In the 109 countries and territories where the risk of malaria transmission is the greatest, newly developed malaria vaccines could save lives. Reports indicate that there were 225 million cases of malaria and an estimated 781,000 deaths in 2009, but these figures have steadily declined in recent years. Though preventative measures have helped to reduce infection rates, experts note that the development and use of a malaria vaccine could reduce them further. During a major clinical trial,  a recently produced experimental vaccine known as RTS,S halved the risk of children in Africa contracting malaria. Currently children under five years of age account for the majority of the 800,000 people who die each year as a result of malaria. According to the developers of the vaccine, the adverse effects observed during the vaccine trial are comparable to those seen in children receiving other vaccines.

The RTS,S vaccine triggers an immune response which targets the Plasmodium falciparum parasite that causes malaria.
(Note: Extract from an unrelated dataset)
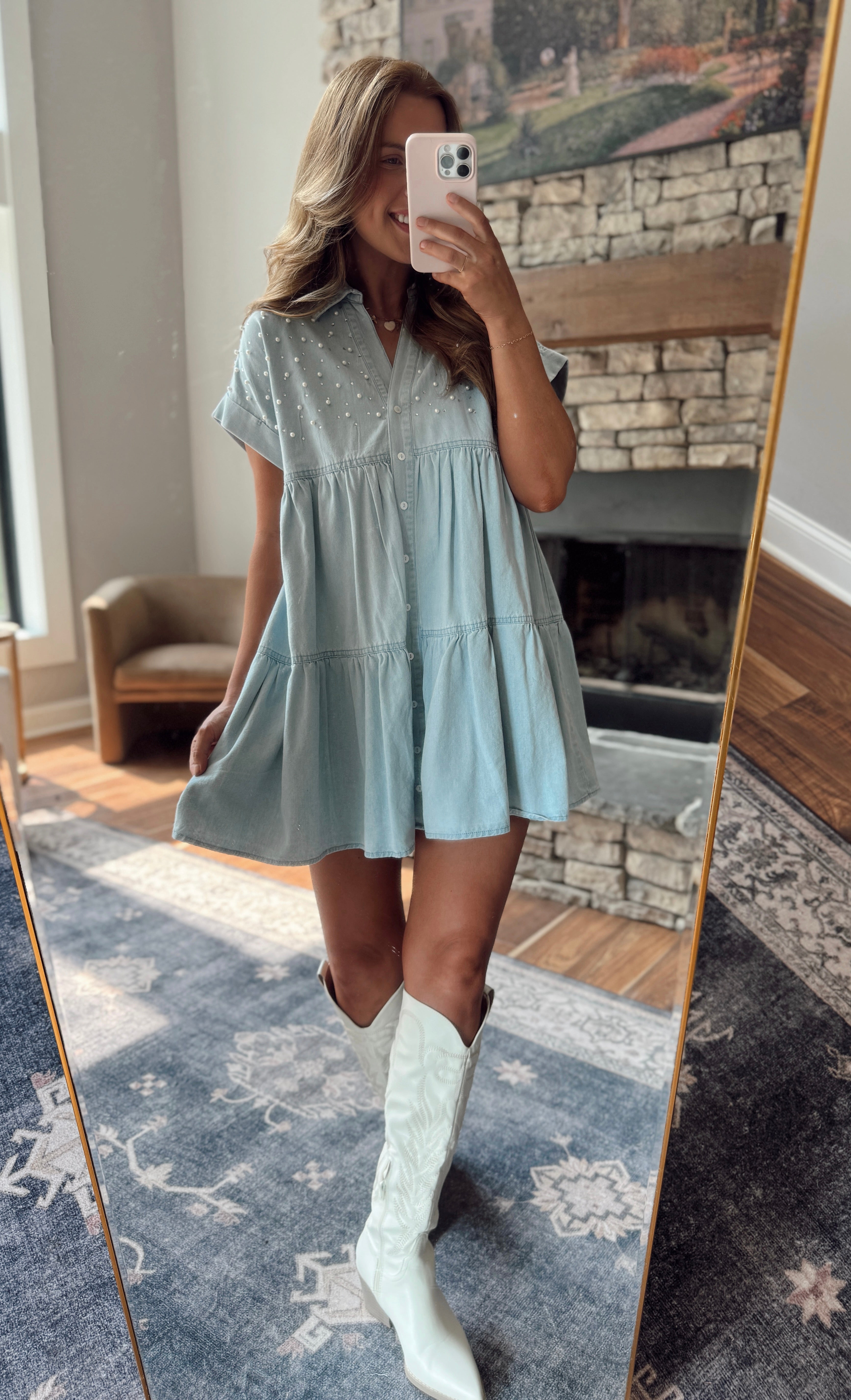 Pulling Out the Stops Denim Studded Short Sleeve Button Down Mini

This immune response prevents the parasite from maturing and multiplying in the liver of the vaccinated individual. Unlike other previously developed malaria vaccines, this new vaccine has been created to target different forms of the disease and to trigger a range of antibody responses. Though researchers have been working for 40 years to develop an effective malaria vaccine, to date the outcomes have not been entirely successful. Additional research and testing of the RTS,S vaccine is needed, but according to Dr. Mary Hamel of the Centers for Disease Control and Prevention, “these findings show we are on track in the development of a vaccine.”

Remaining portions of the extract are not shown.